Input material
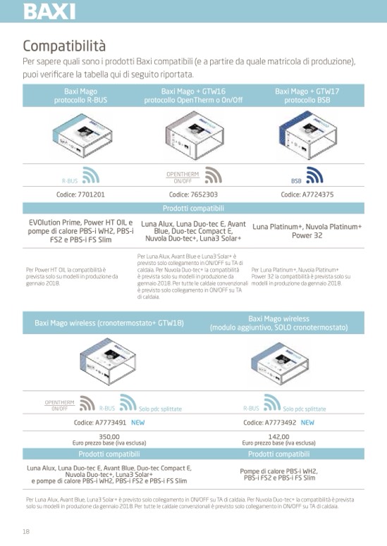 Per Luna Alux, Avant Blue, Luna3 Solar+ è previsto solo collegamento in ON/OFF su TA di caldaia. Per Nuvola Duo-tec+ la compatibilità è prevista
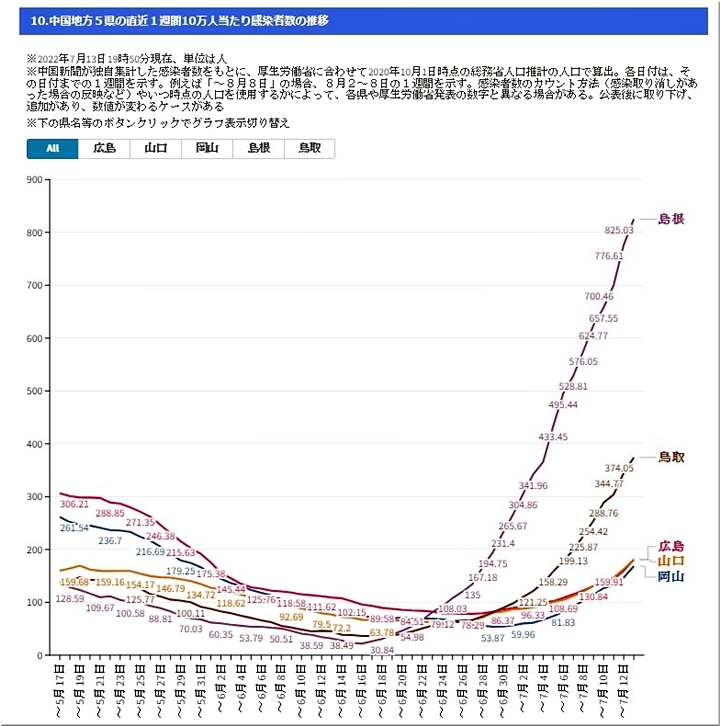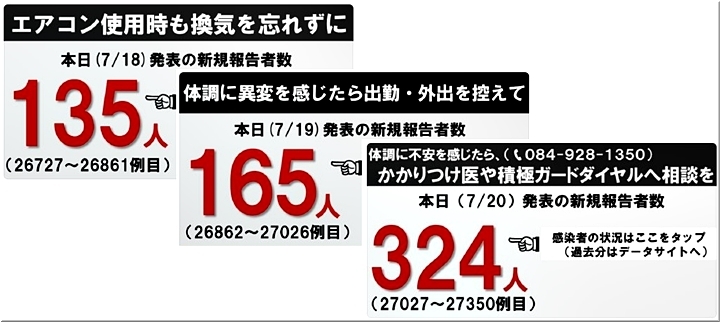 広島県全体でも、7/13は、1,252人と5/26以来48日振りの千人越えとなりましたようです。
==
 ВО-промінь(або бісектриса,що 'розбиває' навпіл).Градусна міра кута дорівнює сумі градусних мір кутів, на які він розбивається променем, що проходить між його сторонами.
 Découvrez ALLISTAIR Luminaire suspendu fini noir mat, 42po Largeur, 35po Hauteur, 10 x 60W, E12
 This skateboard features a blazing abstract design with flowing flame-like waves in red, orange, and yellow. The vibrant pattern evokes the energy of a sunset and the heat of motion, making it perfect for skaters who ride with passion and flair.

Action item
A clean copy is needed of the lines in the listing above from the one with "Per Luna Alux, Avant" through the one with "広島県全体でも、7/13は、", exact in every word and free of pictures.

Answer section
 Per Luna Alux, Avant Blue, Luna3 Solar+ è previsto solo collegamento in ON/OFF su TA di caldaia. Per Nuvola Duo-tec+ la compatibilità è prevista
 広島県全体でも、7/13は、1,252人と5/26以来48日振りの千人越えとなりましたようです。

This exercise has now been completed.